You know, there can be barriers at the organizational level, the patient level, the physician level. For example, there are, you know, physicians have knowledge gaps and certain practice habits, so de-implementation of old pathways can actually be very challenging. And patients may or may not be interested in certain things, you know, we’ve done some studies on uptake of genetic testing for prostate cancer.
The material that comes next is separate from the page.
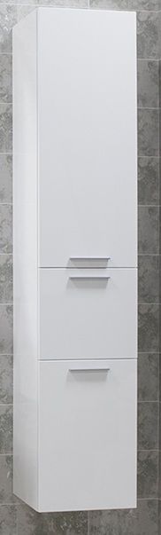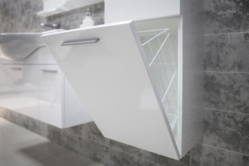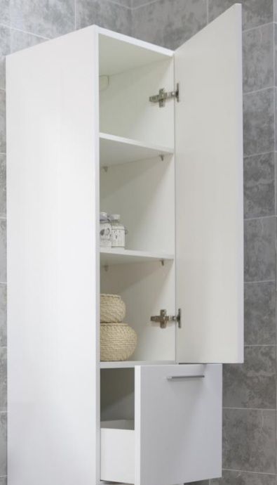Универсальный шкаф-колонна Акватон Инди 34 цвета белый глянец , с большим выдвижным ящиком и фасадом-створкой в верхней части, с бельевой корзиной, открывается в левую или в правую сторону

And, you know, some patients are very interested, but there’s also a lot of knowledge gaps among patients, or some just don’t really perceive the benefit to them. Perhaps they don’t have any children, or their children are already older and already have other cancers. So they feel like maybe it’s too late for it to benefit the family, so you know, really, I think at every different step of the process and every level there are barriers.
Dr. Nicole Rochester:
Absolutely. Thank you for sharing that. Again, you know, we’re seeing how the upstream effects trickle all the way down, I was really intrigued to hear you say that some Black men don’t think they’re at risk for prostate cancer, and that just shows the importance of seeing yourself and that representation that both of you spoke about.